10-3 Global Patterns of Productivity • Potential production (PP) at any trophic level is equal to the annual primary production (APP) times the transfer efficiency (TE) for each step in the food chain to the trophic level of the organism under consideration. • PP = APP x TE (for each step) • Although rate of productivity is very low for the open ocean compared to areas of upwelling, the open ocean has the greatest biomass productivity because of its enormous size. • In the open ocean the food chains are longer and energy transfer is low, so fish populations are small. • Most fish production is equally divided between area of upwelling and coastal waters. • Calculations suggest that the annual fish production is about 240 million tons/yr. • Over-fishing is removing fish from the ocean faster than they are replaced by reproduction and this can eventually lead to the collapse of the fish population.

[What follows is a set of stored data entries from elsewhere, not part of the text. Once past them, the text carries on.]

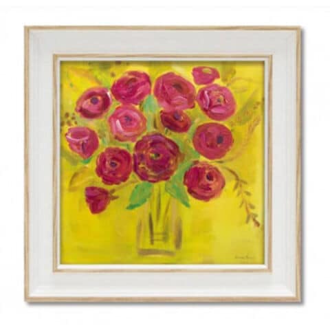 カナダ女性作家であるファリダ ザマンの絵と、額がセットになった商品です。絵の表面を特殊な透明ゲルを使って凹凸加工を施し、油絵のような質感を出しています。100%アクリル製の材質で、優れた柔軟性と耐水性があります。紫外線にも強く、油絵のように亀裂が生じたり焼けて変色することもありません。乾いた柔らかい布でサッと拭くだけでの簡単お手入れも魅力です。
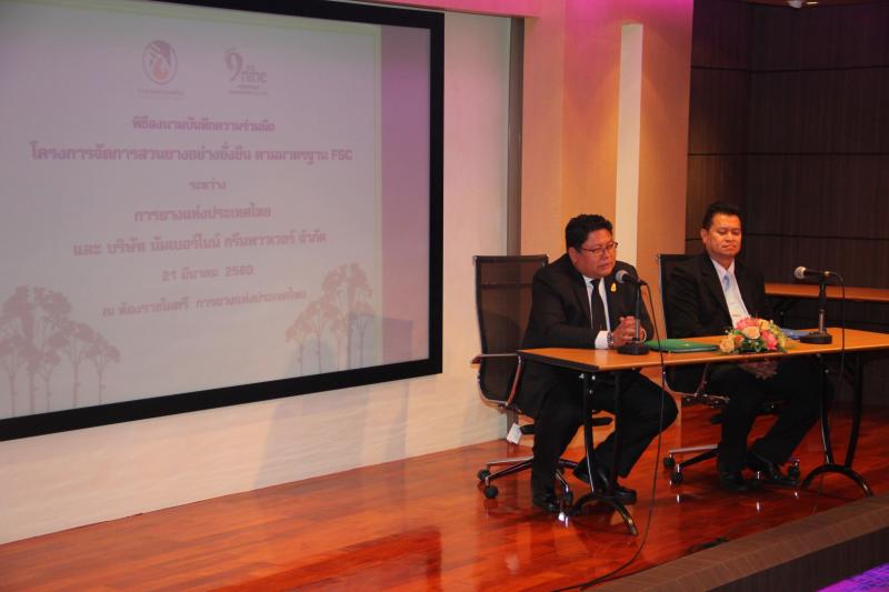 ดร.ธีธัช สุขสะอาด ผู้ว่าการการยางแห่งประเทศไทย เผยว่า การยางแห่งประเทศไทย (กยท.) ได้มีการสนับสนุนการทำสวนยางตามมาตรฐาน FSC (Forest Stewardship Council) มาอย่างต่อเนื่อง ภายใต้โครงการยางพาราประชารัฐ เกิดจากความร่วมมือระหว่าง กยท. ตัวแทนภาครัฐ และตัวแทนภาคเอกชน พร้อมทั้ง การมีส่วนร่วมของเกษตรกรชาวสวนยางทั่วประเทศ ล่าสุด กยท. และบริษัท นัมเบอร์ไนน์ กรีนพาวเวอร์ จำกัด ร่วมกันลงนามบันทึกข้อตกลงความร่วมมือ (MOU) เพื่อพัฒนา และสร้างเกณฑ์การจัดสวนยางอย่างยั่งยืน ตามมาตรฐานในระดับสากล หวังเพิ่มมูลค่าไม้ยางพาราให้กับเกษตรกรชาวสวนยางทั่วประเทศ ด้วยการใช้ไม้ยางพาราและผลิตภัณฑ์จากไม้ยางพาราในการจำหน่ายในประเทศและต่างประเทศ รวมถึงพัฒนาธุรกิจอุตสาหกรรมไม้ยางพารา และผลิตภัณฑ์จากไม้ยางพาราอย่างครบวงจร โดยคำนึงถึงการอนุรักษ์ฟื้นฟูทรัพยากรธรรมชาติ และสิ่งแวดล้อม
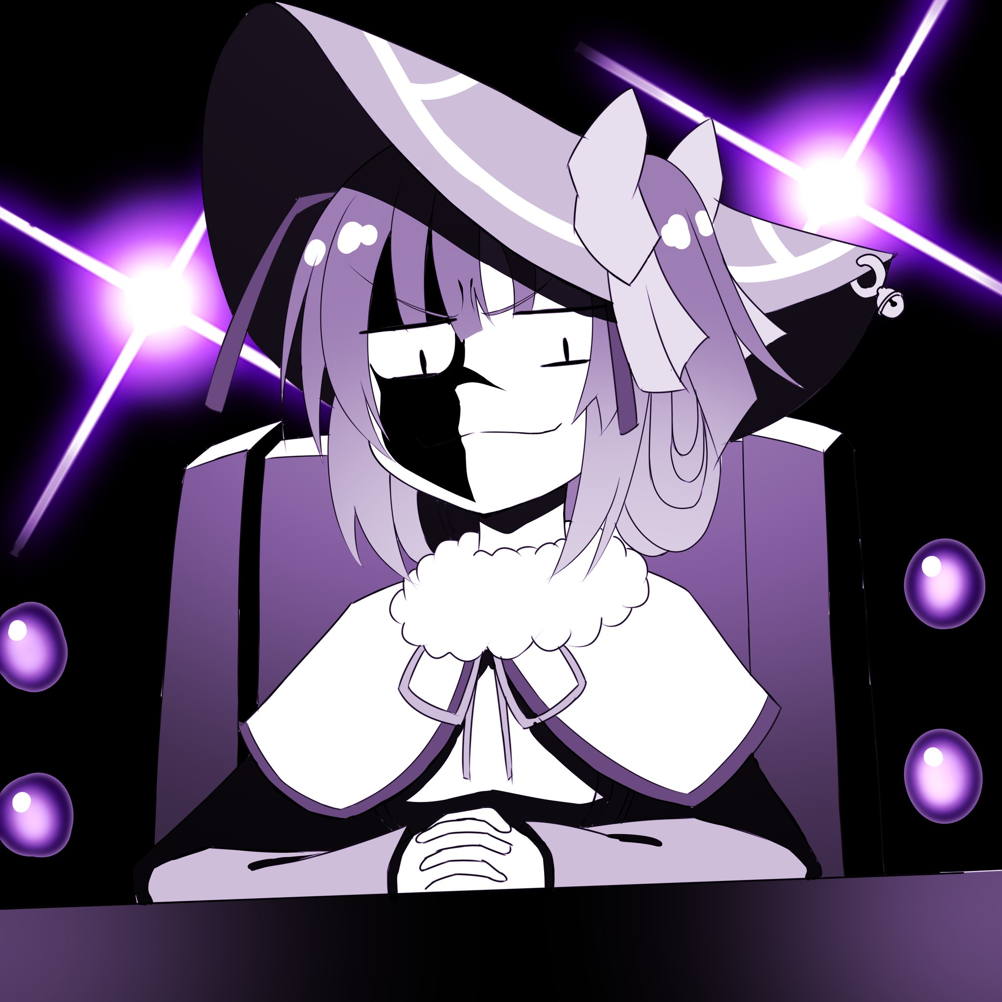 1girl antennae arthropod_girl backlighting bee_girl bell capelet chair closed_mouth commentary_request evil_grin evil_smile folded_ponytail fur_collar grin hachisuka_masatsune_(tenka_hyakken) highres insect_girl interlocked_fingers iwarihhi long_sleeves on_chair purple_theme ribbon shaded_face side_ponytail sidelocks smile solo sparkle tenka_hyakken torioigasa v-shaped_eyebrows
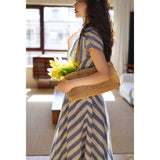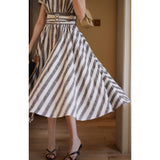 1950年代のパリの街中を優雅に闊歩したくなる。ふわりと広がるフォルムが美しいストライプ柄のワンピース。たっぷりの生地量で優雅に揺れるワンピースを纏うと、まるで映画女優みたいに。幅の広いウエストベルトが存在感を引き立ててくれる。控えめなエレガンスを演出してみて。
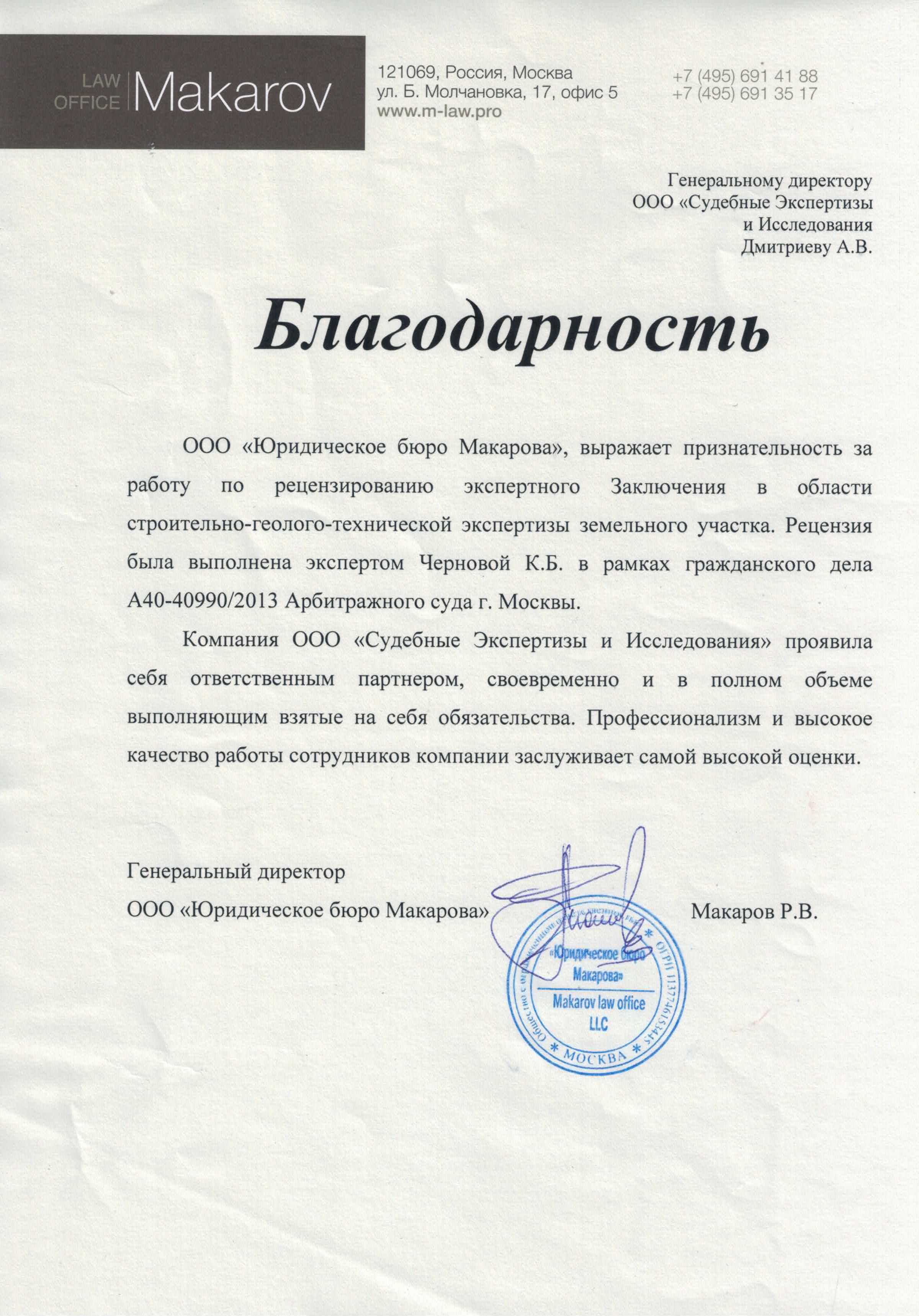 ООО «Юридическое бюро Макарова», выражает признательность за работу по рецензированию экспертного Заключения в области строительно-геолого-технической экспертизы земельного участка. Рецензия была выполнена экспертом Черновой К.Б. в рамках гражданского дела А40-40990/2013 Арбитражного суда г. Москвы. Компания ООО «Судебные Экспертизы и Исследования» проявила себя ответственным партнером, своевременно и в полном объеме выполняющим взятые на себя обязательства. Профессионализм и высокое качество работы сотрудников компании заслуживает самой высокой оценки.
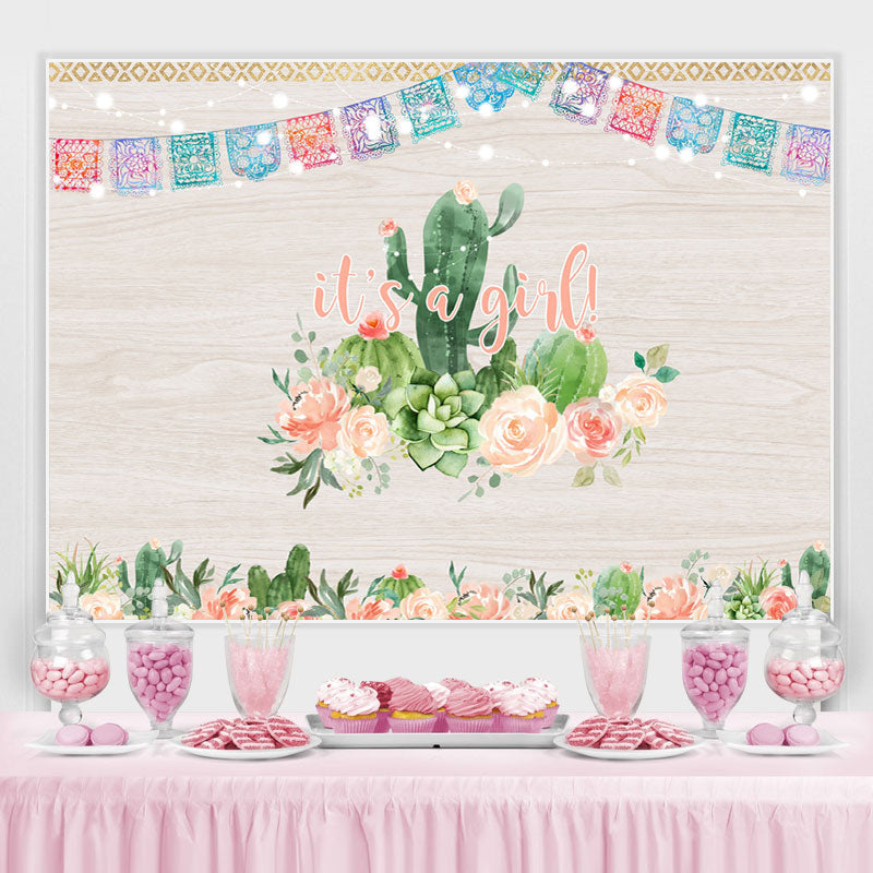 Es ist A Mädchen Kaktus Und Blumen Holz Baby Dusche Hintergrund
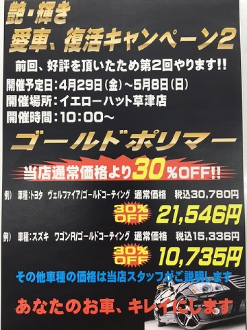 前回ご好評いただきました”愛車復活キャンペーン”を5月8日(日)まで実施中です♪ ぬゎんと、当店通常価格から30%オフ!!!♪ 雨、風、黄砂にホコリ、花粉に虫。。。今までダメージを多々受けてきたあなたの愛車をピカピカに蘇らせましょう(・∀・)☆ 車種によって価格が異なりますので、スタッフにご相談下さいませ(*´∀`) (2016/04/20up)
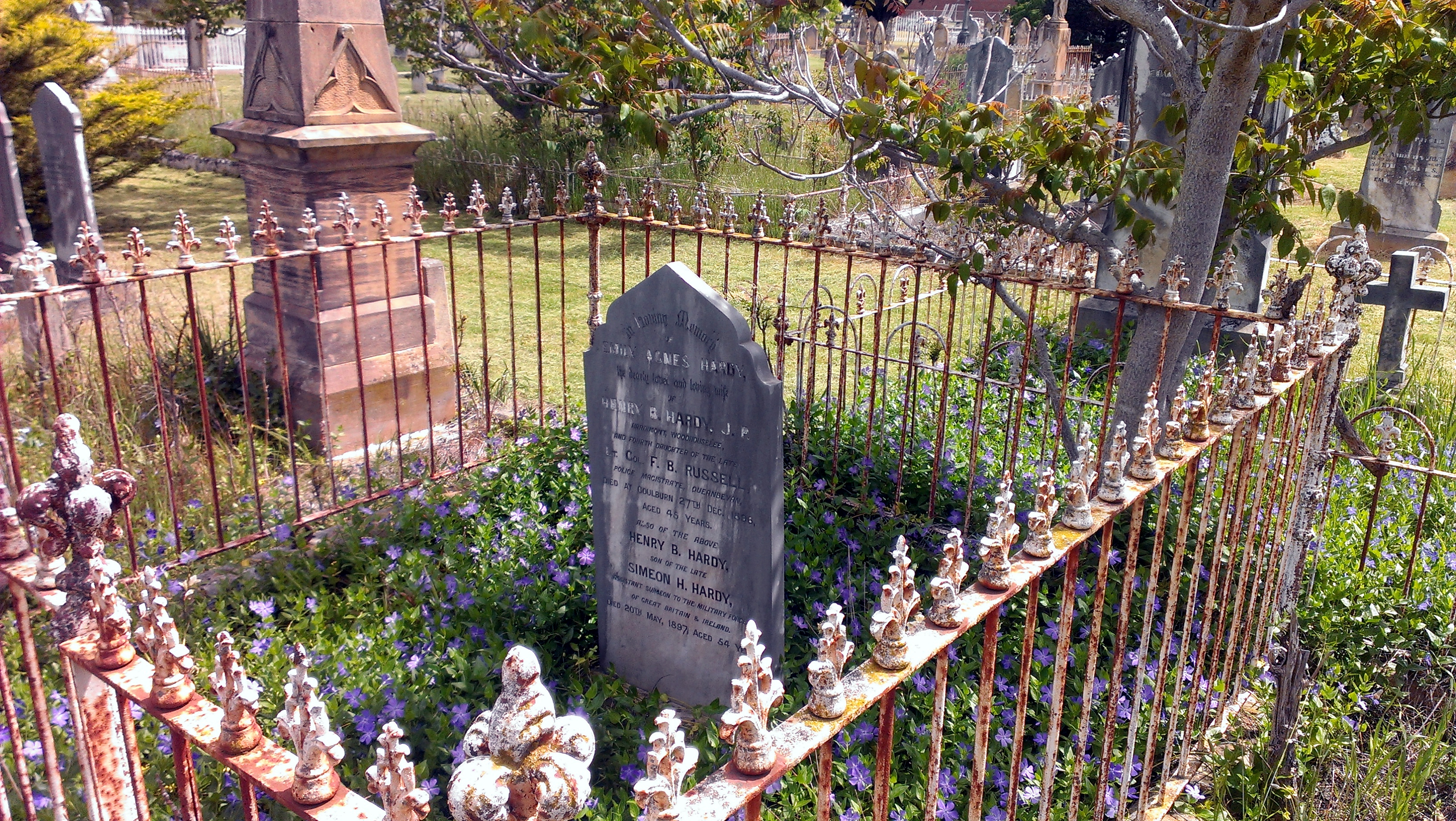 F. B. RUSSELL – Grave of Emily Agnes HARDY – 4th daughter of the Late Lt. Col. F. B. Russell. Emily is buried at St. Saviour’s Cemetery, Cemetery Rd, Goulburn, Opposite the Goulburn Gaol.F. B. RUSSELL – Grave of Emily Agnes HARDY – 4th daughter of the Late Lt. Col. F. B. Russell.F. B. RUSSELL – Grave of Emily Agnes HARDY – 4th daughter of the Late Lt. Col. F. B. Russell.

10-4 Biological Productivity of Upwelling Water Upwelling of deep, nutrient-rich water supports large populations of phytoplankton and fish. • The waters off the coast of Peru normally is an area of upwelling, supporting one of the world’s largest fisheries. • Every three to seven years warm surface waters in the Pacific displace the cold, nutrient-rich water on Peru’s shelf in a phenomenon called El Nino. • El Nino results in a major change in fauna on the shelf and a great reduction in fishes. • This can lead to mass starvation of organisms dependent upon the fish as their major food source.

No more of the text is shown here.